Domingo XXII - A
Mateo 16, 21-27
La Palabra de Dios hoy nos habla de sufrimiento y de cruz a consecuencia de la fidelidad a la vocación, a la misión recibida. Tanto el profeta como la invitación y la propuesta de Jesús conllevan sufrimiento y cruz. Pero es necesario decir alto y claro que Jesús no ama ni busca arbitrariamente el sufrimiento, ni para él ni para los demás, como si éste fuera especialmente grato a Dios. Lo que agrada a Dios no es el sufrimiento, sino la actitud con que se asumen las cruces que nacen de la fidelidad a su Hijo amado, a quien merece la pena seguirle.
En el relato evangélico, Jesús anuncia a sus discípulos que su camino pasa por el sufrimiento y la muerte antes de llegar a la gloria y a la plenitud; esto es, anuncia el sentido de su mesianismo en la línea del Siervo sufriente, que lo entrega todo. Pedro reacciona contra esta propuesta de Jesús, pero Jesús proclama que quien quiera seguirle debe cargar con la cruz. La cruz no es término, sino CAMINO: el que pierda su vida, el que se vence a sí mismo, a sí misma, el que se olvida de sí mismo, de sí misma, encontrará la vida. Es su PROPUESTA.
El domingo pasado Pedro pasado era alabado por Jesús, por su respuesta atinada y certera; hoy resulta que escucha unas palabras durísimas de Jesús, nada menos que “quítate de mi vista, Satanás, que me haces tropezar; tú piensas como los hombres, no como Dios”. Está claro que a Pedro le queda mucho camino por recorrer hasta llegar a esa experiencia de Jesús, la experiencia que “marca” y que transforma.
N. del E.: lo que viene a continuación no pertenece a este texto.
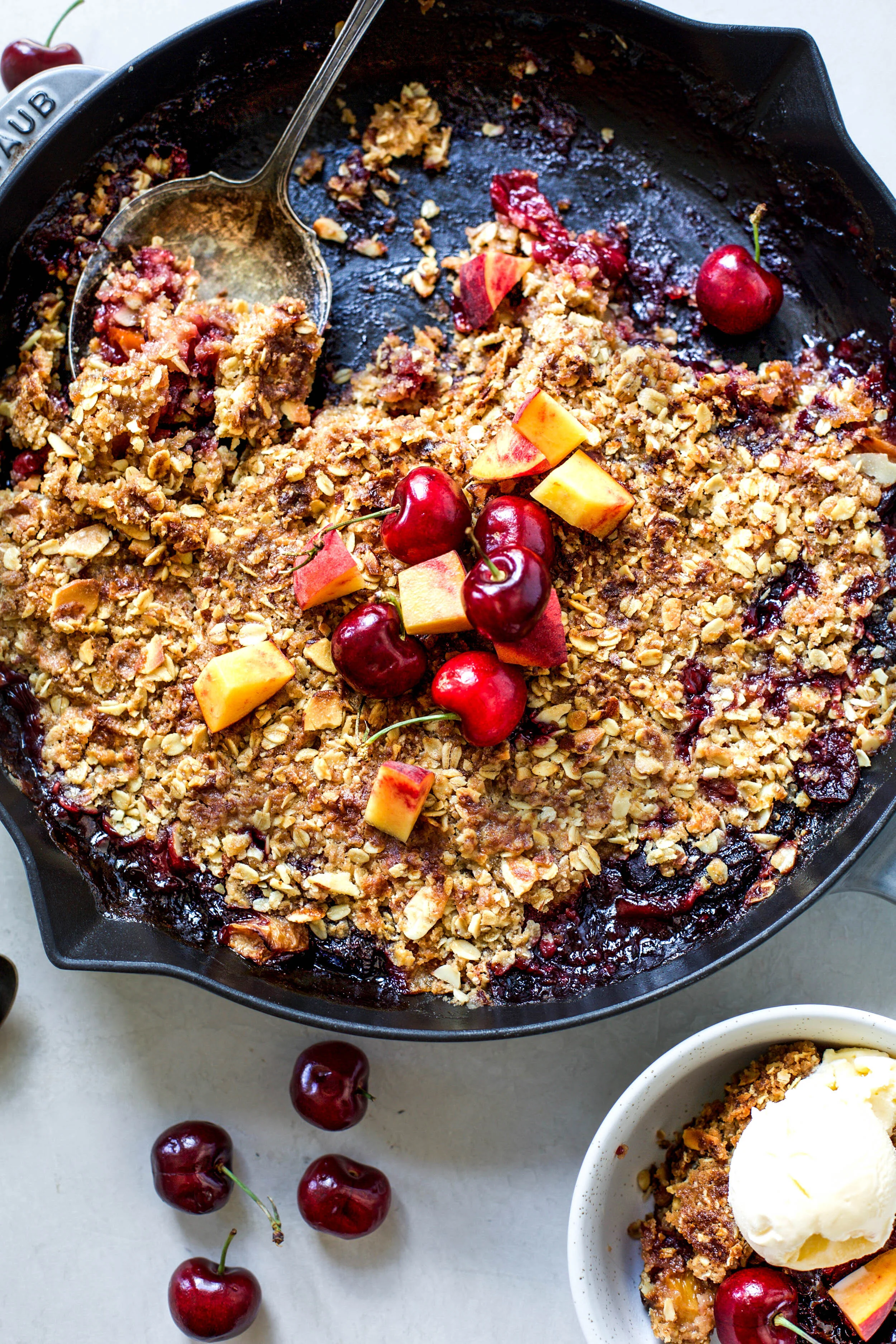 If you are finding yourself knee deep in summer fruit like cherries and peaches and can’t eat them fast enough before they all go bad, then I have a solution for you. A summer crumble is the best way to use up any fruit that you have on hand and it is always a crowd pleaser. I tend to get excited and overbuy all of the fruit in the summer and end up with a handful of fruit that ripens too quickly on me. Instead of letting it go to waste, I like to make a yummy dessert out of them instead. This recipe for a cherry peach crumble is truly summer in a bowl, especially topped off with a little vanilla ice cream.

Sabemos que lo va a realizar, pero está en camino. No basta “con saber”; es necesario ser marcado. El camino del seguimiento a Jesús comporta la cruz. No hay verdadero discipulado si no se asume el mismo camino del Maestro. Para seguirlo hay que “negarse a sí mismo, tomar la propia cruz y seguirlo". Negarse a sí mismo quiere decir no centrar la vida sobre el propio egoísmo, sino en Dios y su proyecto (el Reino). Esto comporta la aceptación de las adversidades y el soportar las dificultades, pero el mismo Jesús nos ha dejado el ejemplo de cómo obrar en tales situaciones: basta imitarlo. Él no renunció al plan de Dios por miedo al dolor, sino que permaneció fiel hasta dar la vida. Y precisamente fue de esta manera como llegó a la plenitud de la vida en la resurrección.
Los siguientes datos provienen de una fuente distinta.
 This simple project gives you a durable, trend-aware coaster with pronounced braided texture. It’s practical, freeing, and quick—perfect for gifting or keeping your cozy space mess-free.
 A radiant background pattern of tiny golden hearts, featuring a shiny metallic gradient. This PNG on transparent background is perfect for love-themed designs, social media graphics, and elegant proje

Nuestra gran tentación es imitar a Pedro: confesar solemnemente a Jesús como Hijo del Dios vivo y luego pretender seguirlo sin cargar con la cruz. Vivir el evangelio sin renuncia ni coste alguno. Esto no es posible. Seguir los pasos de Jesús siempre resulta peligroso. Jesús nos ofrece una vida nueva, llena de sentido y de paz interior, pero tiene un precio que hay que pagar inexorablemente. “Negarse a sí mismo” ; “cargar la cruz”; “perder la vida”, quemarla, en definitiva para que se convierta en luz y calor. Se trata de empeñar la vida entera, de entregarla a fondo perdido sin esperar recompensa, en pura gratuidad.